最後來看看為什麼Rc<T>和RefCell<T>的搭配會造成 Rust 的記憶體泄漏(memory leak)。

use std::cell::RefCell;
use std::rc::Rc;

struct Node<T> {
    value: T,
    next: Option<Rc<RefCell<Node<T>>>>,
}

impl<T> Node<T> {
    fn new(value: T) -> Rc<RefCell<Self>> {
        Rc::new(RefCell::new(Node { value, next: None }))
    }
}

fn main() {
    // 原本節點都是獨立的
    let node1 = Node::new(1);
    let node2 = Node::new(2);

    node1.borrow_mut().next = Some(Rc::clone(&node2)); // 把 node1 指向 node2
    node2.borrow_mut().next = Some(Rc::clone(&node1)); // 把 node2 指向 node1

    // 以下驗證兩者形成循環
    println!("node1 value: {}", node1.as_ref().borrow().value); // node1 一開始的值

    let mut current = Some(Rc::clone(&node1)); // 要移動的指標
    println!(
        "current value: {}",
        current.as_ref().unwrap().borrow().value
    ); // 一開始在 node1
    if let Some(node) = current {
        current = node.borrow().next.clone(); // 移動到下一個節點
        println!("current moved");
        println!(
            "current value: {}",
            current.as_ref().unwrap().borrow().value
        );
        println!(
            "current is node1: {}",
            Rc::ptr_eq(&node1, &current.clone().unwrap())
        );
        if let Some(node) = current {
            current = node.borrow().next.clone(); // 移動到下一個節點
            println!("current moved");
            println!("current value:{}", current.as_ref().unwrap().borrow().value);
            println!(
                "current is node1: {}",
                Rc::ptr_eq(&node1, &current.unwrap())
            );
        }
    }
    println!("node1 strong count: {}", Rc::strong_count(&node1)); // 觀察強引用計數
}

node1 value: 1
current value: 1
current moved
current value: 2
current is node1: false
current moved
current value:1
current is node1: true
node1 strong count: 2

可以看到透過 RefCell<T> 我們把原本獨立的 Node 互相作為指標指向的下一個 Node，這樣它們的計數就永遠不可能歸零，雖然在這邊的情境不會有影響，因為 main 執行完就結束了，但是在其他更複雜的情境就有可能因為記憶體泄漏造成程式崩潰。

參考循環的解法：`Weak<T>`

為了解決循環引用問題，Rust 提供了 Weak<T> 弱引用。和之前看到的 Rc::strong_count做對比，還有另外一個關聯函數式 Rc::weak_count， Weak<T> 只會增加對象的 weak_count，而決定能不能釋放目標記憶體的只有strong_count，因此即使有多個 Weak<T> 指向同一個對象，也不會阻止該對象被釋放。

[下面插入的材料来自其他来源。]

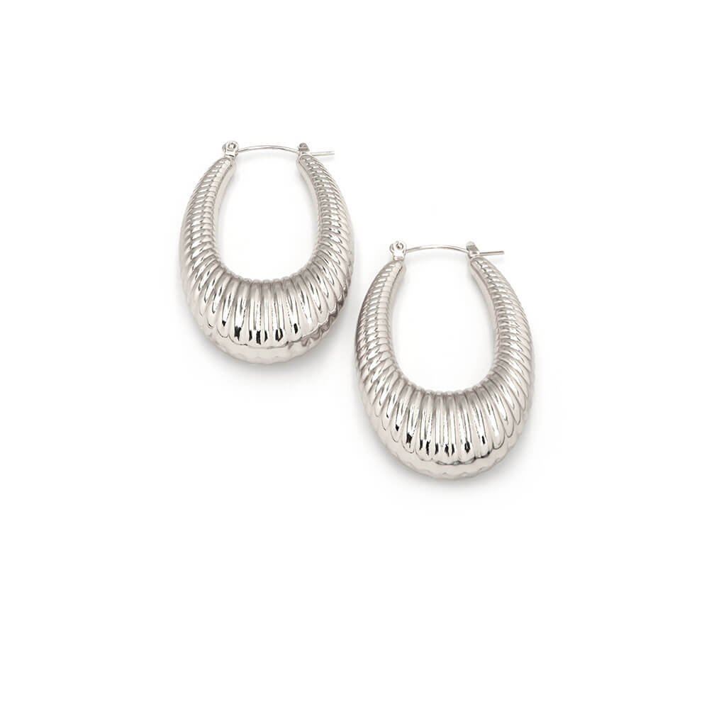 Σκουλαρίκια κρίκοι αυτιών σε ασημί χρώμα. Κλασσικοί κρίκοι σε οβάλ σκαλιστό σχέδιο πάχους 4mm-10mm με γραμμές. Ένα κόσμημα που θα σας εκπλήξει και θα το λατρέψετε. Ύψος:5cm.
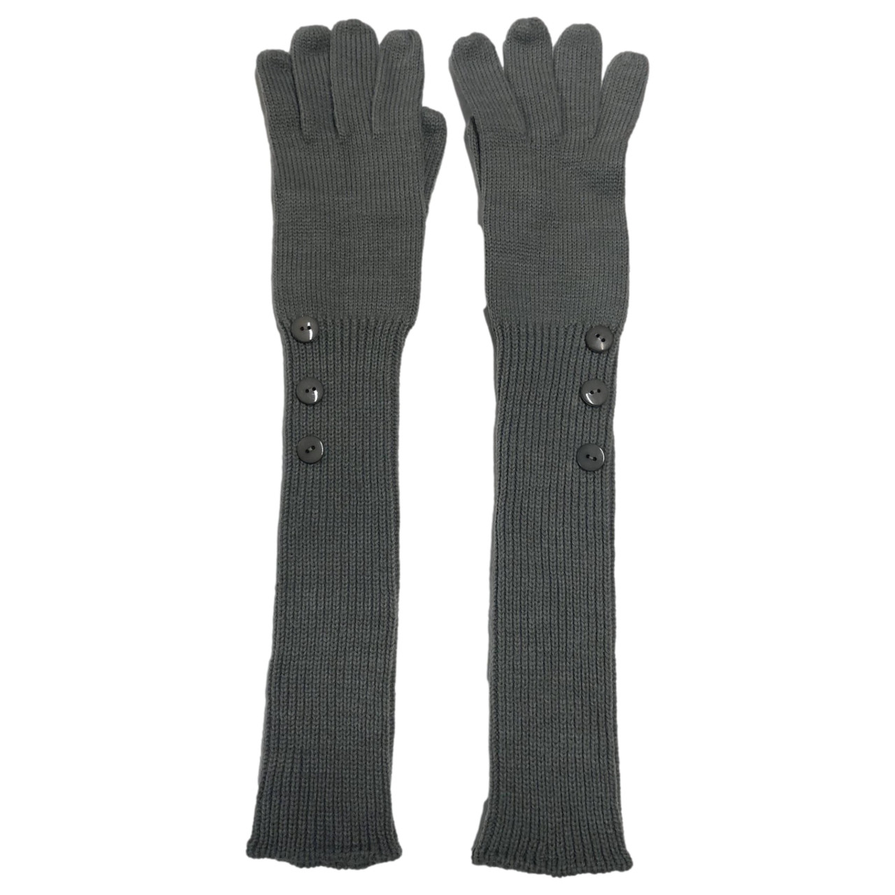 You will love the cozy feel of these pretty extra long gray button front knit gloves. They are warm enough for winter but sleek enough for driving.
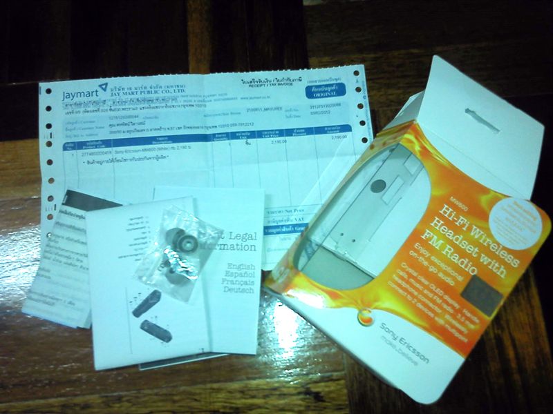 ตัวนี้ผมซื้อมาจากร้าน Jaymart เซ็นทรัลพระราม 9 มีใบเสร็จรับประกันเรียบร้อย ลงวันที่ 3/2/2012 อุปกรณ์ทุกอย่างอยู่ครบกล่อง จุกหูฟังสำรองครบถ้วน
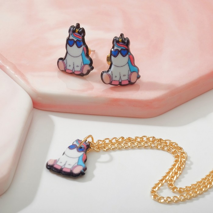 Набор детский «Выбражулька» 2 предмета: пусеты, кулон, единорог в очках, цветной
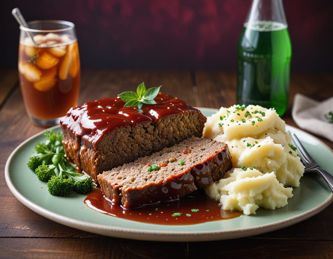 This mouthwatering image captures a still life of juicy meatloaf, creamy mashed potatoes, and fresh herbs, served with a glass of sparkling green soda and garnished with a side of applesauce. Shot with softbox lighting and vibrant colors, this appetizing food photography is sure to satisfy your cravings.
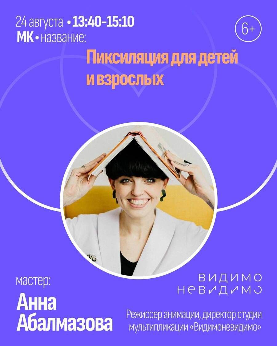24 августа 13:40–15:10 // Анна Абалмазова директор студии мультипликации «Видимоневидимо» показала всем желающим, как снимать мультфильмы дома на телефон и воплощать свои «видимоневидимые» фантазии.
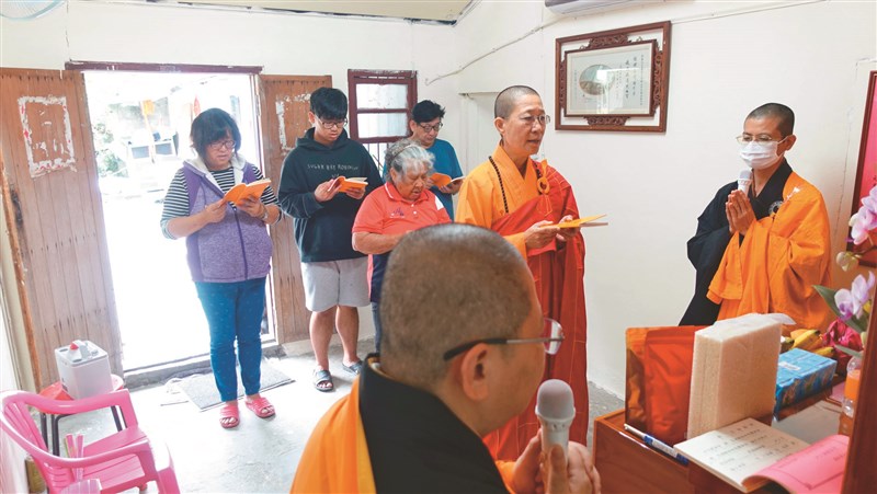 佛光山月光寺監寺妙勳法師(第2排)10月27日至光復災區,為佛光人吳素珍家中佛堂安座灑淨。87歲老菩薩吳素珍(第3排)與兒子、女兒、孫子虔誠參與。圖/人間社記者簡美換
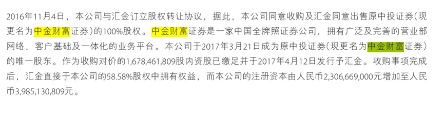 这部分是中金为了买下中投证券100%的股权与汇金交易下来的总对价。
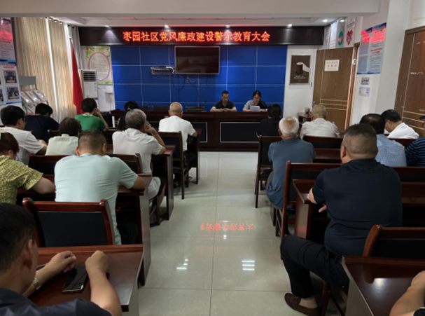 8月10日上午,河东街道枣园社区召开党风廉政建设警示教育会议,进一步推动主题教育走深走实,深化党风廉政警示教育。
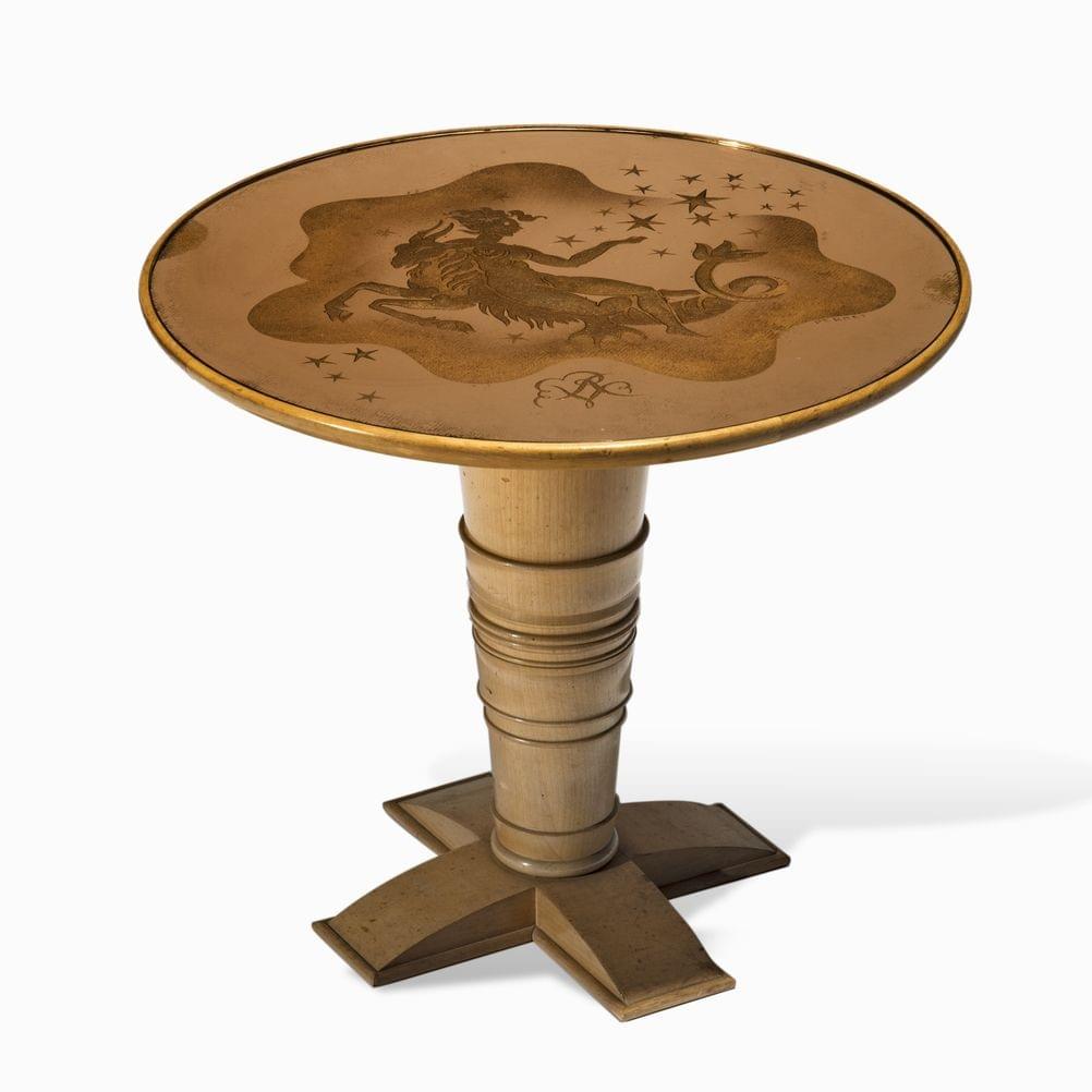 Guéridon rond, plateau de verre églomisé à décor du Capricorne, 56x65 cm
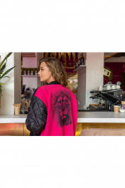 Куртка-бомбер супер модная и современная, с застёжкой на тесьму-молнию, с боковыми карманами на молнии, рукава стеганные с синтепоном, спинка с очень модным принтом, на подкладке.
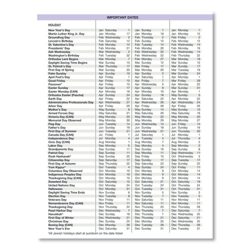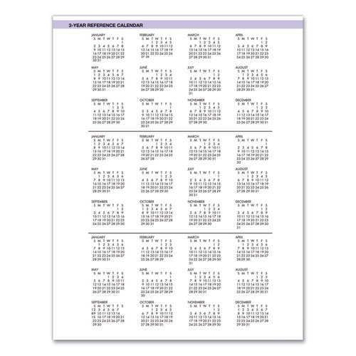 • Additional page with important holiday dates for three years in list form as well as, three-year calendar reference page for long-range planning.
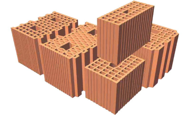 Ziegelblöcke für den Bau von tragendem oder nicht tragendem Mauerwerk und Zwischenwänden.
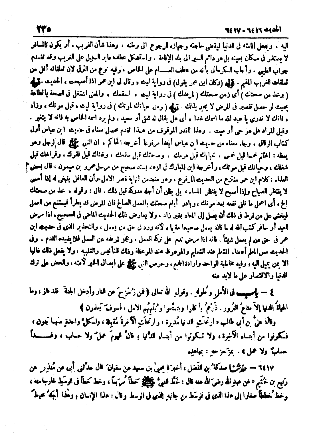 إِلَيْهِ وَيَجْعَلُ إِقَامَتَهُ فِي الدُّنْيَا لِيَقْضِيَ حَاجَتَهُ وَجِهَازَهُ لِلرُّجُوعِ إِلَى وَطَنِهِ وَهَذَا شَأْنُ الْغَرِيبِ أَوْ يَكُونُ كَالْمُسَافِرِ لَا يَسْتَقِرُّ فِي مَكَانٍ بِعَيْنِهِ بَلْ هُوَ دَائِمُ السَّيْرِ إِلَى بَلَدِ الْإِقَامَةِ وَاسْتَشْكَلَ عَطْفُ عَابِرِ السَّبِيلِ عَلَى الْغَرِيبِ وَقَدْ تَقَدَّمَ جَوَابُ الطِّيبِيِّ وَأَجَابَ الْكِرْمَانِيُّ بِأَنَّهُ مِنْ عَطْفِ الْعَامِّ عَلَى الْخَاصِّ وَفِيهِ نَوْعٌ مِنَ التَّرَقِّي لِأَنَّ تَعَلُّقَاتِهِ أَقَلُّ مِنْ تَعَلُّقَاتِ الْغَرِيب الْمُقِيم قَوْله وَكَانَ بن عُمَرَ يَقُولُ فِي رِوَايَةِ لَيْثٍ وَقَالَ لِي بن عُمَرَ إِذَا أَصْبَحْتَ الْحَدِيثَ قَوْلُهُ وَخُذْ مِنْ صِحَّتِكَ أَيْ زَمَنِ صِحَّتِكَ لِمَرَضِك فِي رِوَايَةِ لَيْثٍ لِسَقَمِكَ وَالْمَعْنَى اشْتَغِلْ فِي الصِّحَّةِ بِالطَّاعَةِ بِحَيْثُ لَوْ حَصَلَ تَقْصِيرٌ فِي الْمَرَضِ لَا يُجْبَرُ بِذَلِكَ قَوْلُهُ وَمِنْ حَيَاتِكَ لِمَوْتِكَ فِي رِوَايَةِ لَيْثٍ قَبْلَ مَوْتِكَ وَزَادَ فَإِنَّكَ لَا تَدْرِي يَا عَبْدَ اللَّهِ مَا اسْمُكَ غَدًا أَيْ هَلْ يُقَالُ لَهُ شَقِيٌّ أَوْ سَعِيدٌ وَلَمْ يُرِدِ اسْمَهُ الْخَاصَّ بِهِ فَإِنَّهُ لَا يَتَغَيَّرُ وَقِيلَ الْمُرَادُ هَلْ هُوَ حَيٌّ أَوْ مَيِّتٌ وَهَذَا الْقَدْرُ الْمَوْقُوفُ مِنْ هَذَا تَقَدَّمَ مُحَصل مَعْنَاهُ فِي حَدِيث بن عَبَّاسٍ أَوَّلَ كِتَابِ الرِّقَاقِ وَجَاءَ مَعْنَاهُ مِنْ حَدِيث بن عَبَّاسٍ أَيْضًا مَرْفُوعًا أَخْرَجَهُ الْحَاكِمُ أَنَّ النَّبِيَّ صَلَّى اللَّهُ عَلَيْهِ وَسَلَّمَ قَالَ لِرَجُلٍ وَهُوَ يَعِظُهُ اغْتَنِمْ خَمْسًا قَبْلَ خَمْسٍ شَبَابَكَ قَبْلَ هَرَمِكَ وَصِحَّتِكَ قَبْلَ سَقَمِكَ وَغِنَاكَ قَبْلَ فَقْرِكَ وَفَرَاغِكَ قَبْلَ شُغْلِكَ وَحَيَاتِكَ قَبْلَ مَوْتِكَ وَأَخْرَجَهُ بن الْمُبَارَكِ فِي الزُّهْدِ بِسَنَدٍ صَحِيحٍ مِنْ مُرْسَلِ عَمْرِو بْنِ مَيْمُونٍ قَالَ بَعْضُ الْعُلَمَاءِ كَلَامُ بن عُمَرَ مُنْتَزَعٌ مِنَ الْحَدِيثِ الْمَرْفُوعِ وَهُوَ مُتَضَمِّنٌ لِنِهَايَةِ قِصَرِ الْأَمَلِ وَأَنَّ الْعَاقِلَ يَنْبَغِي لَهُ إِذَا أَمْسَى لَا يَنْتَظِرُ الصَّبَاحَ وَإِذَا أَصْبَحَ لَا يَنْتَظِرُ الْمَسَاءِ بَلْ يَظُنُّ أَنَّ أَجَلَهُ مُدْرِكُهُ قَبْلَ ذَلِكَ قَالَ وَقَوْلُهُ خُذْ مِنْ صِحَّتِكَ إِلَخْ أَيِ اعْمَلْ مَا تَلْقَى نَفْعَهُ بَعْدَ مَوْتِكَ وَبَادِرْ أَيَّامَ صِحَّتِكَ بِالْعَمَلِ الصَّالِحِ فَإِنَّ الْمَرَضَ قَدْ يَطْرَأُ فَيَمْتَنِعُ مِنَ الْعَمَلِ فَيُخْشَى عَلَى مَنْ فَرَّطَ فِي ذَلِكَ أَنْ يَصِلَ إِلَى الْمَعَادِ بِغَيْرِ زَادِ وَلَا يُعَارِضُ ذَلِكَ الْحَدِيثَ الْمَاضِيَ فِي الصَّحِيحِ إِذَا مَرِضَ الْعَبْدُ أَوْ سَافَرَ كَتَبَ اللَّهُ لَهُ مَا كَانَ يَعْمَلُ صَحِيحًا مُقِيمًا لِأَنَّهُ وَرَدَ فِي حَقِّ مَنْ يَعْمَلُ وَالتَّحْذِيرُ الَّذِي فِي حَدِيثِ بن عُمَرَ فِي حَقِّ مَنْ لَمْ يَعْمَلْ شَيْئًا فَإِنَّهُ إِذَا مَرِضَ نَدِمَ عَلَى تَرْكِهِ الْعَمَلَ وَعَجَزَ لِمَرَضِهِ عَنِ الْعَمَلِ فَلَا يُفِيدُهُ النَّدَمُ وَفِي الْحَدِيثِ مَسُّ الْمُعَلِّمِ أَعْضَاءَ الْمُتَعَلِّمِ عِنْدَ التَّعْلِيمِ وَالْمَوْعُوظِ عِنْدَ الْمَوْعِظَةِ وَذَلِكَ لِلتَّأْنِيسِ وَالتَّنْبِيهِ وَلَا يُفْعَلُ ذَلِكَ غَالِبًا إِلَّا بِمَنْ يَمِيلُ إِلَيْهِ وَفِيهِ مُخَاطَبَةُ الْوَاحِدِ وَإِرَادَةُ الْجَمْعِ وَحِرْصُ النَّبِيِّ صَلَّى اللَّهُ عَلَيْهِ وَسَلَّمَ عَلَى إِيصَالِ الْخَيْرِ لِأُمَّتِهِ وَالْحَضُّ عَلَى تَرْكِ الدُّنْيَا وَالِاقْتِصَارُ على مَا لَا بُد مِنْهُ

Weak<T> 無法直接使用，只能通過 upgrade 方法升級為 Option<Rc<T>> 後才能使用，如果被引用的對象已經被釋放會升級失敗，upgrade 方法會返回 None，用這樣的設計強迫處理失敗的邏輯。
我們可以用 Rc::downgrade 關聯函數取得弱引用。

上面的例子改成弱引用的版本：

use std::cell::RefCell;
use std::rc::{Rc, Weak};

struct Node {
    value: i32,
    next: Option<Weak<RefCell<Node>>>,
}

fn main() {
    let node1 = Rc::new(RefCell::new(Node {
        value: 1,
        next: None,
    }));
    let node2 = Rc::new(RefCell::new(Node {
        value: 2,
        next: None,
    }));

    node1.borrow_mut().next = Some(Rc::downgrade(&node2)); // 弱引用
    node2.borrow_mut().next = Some(Rc::downgrade(&node1));

    let mut current = Some(Rc::clone(&node1));
    if let Some(node) = current {
        current = match &node.borrow().next {      // 多處理弱引用邏輯
            Some(weak_ref) => weak_ref.upgrade(),
            None => None,
        };
        println!("current moved");
        println!(
            "current value: {}",
            current.as_ref().unwrap().borrow().value
        );
        println!(
            "current is node1: {}",
            Rc::ptr_eq(&node1, &current.clone().unwrap())
        );
        if let Some(node) = current {
            current = match &node.borrow().next {
                Some(weak_ref) => weak_ref.upgrade(),
                None => None,
            };
            println!("current moved");
            println!("current value:{}", current.as_ref().unwrap().borrow().value);
            println!(
                "current is node1: {}",
                Rc::ptr_eq(&node1, &current.unwrap())
            );
        }
    }
	  println!("node1 strong count: {}", Rc::strong_count(&node1)); // 1, 最一開始的 node1
}

可以觀察到就算形成同樣的結構，強引用的計數不會因為受到弱引用影響。這樣就不用擔心因為引用計數問題而導致記憶體無法釋放，而弱引用那邊則是要使用的時候，都要檢查是不是還有效才能使用，所以 Error handling 的邏輯會在使用弱引用那邊，因為多了檢查和轉換也會有額外的效能耗損。

結語

Rust 的內部可變性機制，透過RefCell<T>很適合那些只希望只變動一次，或是變動需要由內部管理的情境，這樣可以限制對外部來說，在使用的時候都是不可變的，但又可以在特定情況做變動，例如延遲初始化、狀態機等等。
除此之外，透過 RefCell<T>、Rc<T> 和 Weak<T> 的組合，在我們編寫複雜數據結構和實現特定設計模式時提供了極大的靈活性。它讓我們能夠在保持 Rust 嚴格的借用規則的同時，實現一些在傳統語言中更為容易的特性，例如共享所有權、循環引用等等。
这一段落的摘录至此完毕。